# Hyperparameter Tuning using HyperDrive

In [2]:
from azureml.core import Dataset, Workspace, Experiment, Environment
from azureml.core.compute import ComputeTarget, AmlCompute
from azureml.core.compute_target import ComputeTargetException
from azureml.widgets import RunDetails
from azureml.train.hyperdrive.policy import BanditPolicy
from azureml.train.hyperdrive.sampling import RandomParameterSampling
from azureml.train.hyperdrive.runconfig import HyperDriveConfig
from azureml.train.hyperdrive.parameter_expressions import uniform, choice
from azureml.train.sklearn import SKLearn
from azureml.train.hyperdrive.run import PrimaryMetricGoal


## Dataset

In [3]:
ws = Workspace.from_config()
experiment_name = 'hyperdrive_hr_analytics'

experiment=Experiment(ws, experiment_name)
data = ws.datasets["HR_Analytics"]

In [4]:
try:
    cluster_project = ComputeTarget(workspace=ws, name="aml-compute-capstone")
    print("Cluster exists")
except:
    config = AmlCompute.provisioning_configuration(vm_size='STANDARD_D2_V2', max_nodes=4)
    cluster_project = ComputeTarget.create(ws, "aml-compute-capstone", config)

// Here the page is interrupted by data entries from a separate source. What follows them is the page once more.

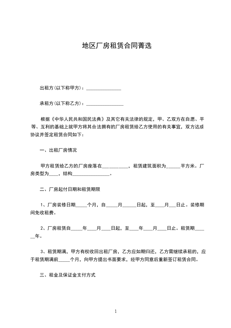 3、甲、乙双方一旦签订合同,乙方应向甲方支付厂房租赁保证金,保证金为一个月租金。租金应预付三个月,支付日期在支付月___日前向甲方支付租金。
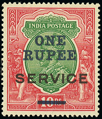 — 1r. in blue on 10r. (Type 22); minor colour suffusion, otherwise fine. Photo
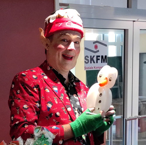 Auf der Bühne im BiLo tanzten die "???" und danach kam auch der Weihnachtsmann. Sein Elf bastelte in der Zwischenzeit Schneemänner aus Luftballons.

cluster_project.wait_for_completion()

Cluster exists


## Hyperdrive Configuration

For this technique, I decided to choose logistic regression as:

* It is the most basic algorithm when it comes to classification and one should always start from basic models
* It is easy to understand the results and simple to train
* The execution time is very fast

The hyperparameters that were used are:

* The regularization parameter was chosen from 0.001 to 1 to handle overfitting in the model.
* The total iterations was selected between 10 and 200.

In [5]:
# TODO: Create an early termination policy. This is not required if you are using Bayesian sampling.
early_termination_policy = BanditPolicy(evaluation_interval=2, slack_factor=0.1, delay_evaluation=5)

#TODO: Create the different params that you will be using during training
param_sampling = RandomParameterSampling({
    "--C": choice(0.001, 0.01, 0.1, 1),
    "--max_iter": choice(10, 25, 50, 200)
})
#TODO: Create your estimator and hyperdrive config
estimator = SKLearn(source_directory='.', compute_target=cluster_project, entry_script='train.py')

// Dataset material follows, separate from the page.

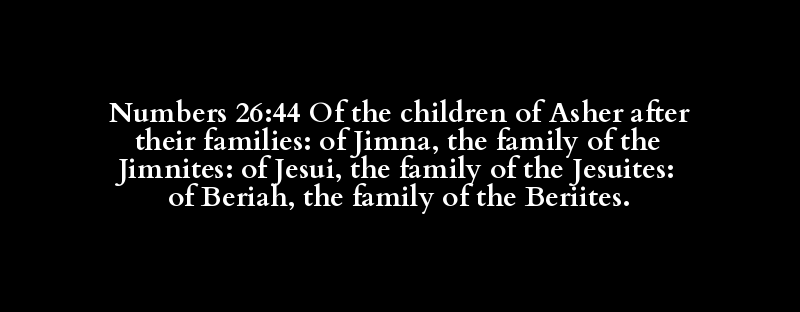 Numbers 26:44 Of the children of Asher after their families: of Jimna, the family of the Jimnites: of Jesui, the family of the Jesuites: of Beriah, the family of the Beriites.
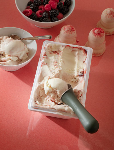 Green tools Glasskopa är ett allsidigt redskap som gör det enkelt att forma enhetliga, runda kulor av glass, puré eller andra mjuka livsmedel. Använd den för att servera elegant anrättade desserter, dosera smet till muffins och kakor eller skapa dekorativa kulor av frukt och mos till både söta och salta rätter. Skopans robusta huvud i rostfritt stål glider utan besvär genom glassen medan det ergonomiska handtaget ligger behagligt i handen. Tål maskindisk.

hyperdrive_run_config = HyperDriveConfig(
    estimator=estimator,
    hyperparameter_sampling=param_sampling,
    policy=early_termination_policy,
    primary_metric_name="Accuracy",
    primary_metric_goal=PrimaryMetricGoal.MAXIMIZE,
    max_total_runs=20,
    max_concurrent_runs=5
)

'SKLearn' estimator is deprecated. Please use 'ScriptRunConfig' from 'azureml.core.script_run_config' with your own defined environment or the AzureML-Tutorial curated environment.


In [6]:

hyperdrive_run = experiment.submit(hyperdrive_run_config)



## Run Details


In [7]:
from azureml.widgets import RunDetails

RunDetails(hyperdrive_run).show()

hyperdrive_run.wait_for_completion(show_output=True)

_HyperDriveWidget(widget_settings={'childWidgetDisplay': 'popup', 'send_telemetry': False, 'log_level': 'INFO'…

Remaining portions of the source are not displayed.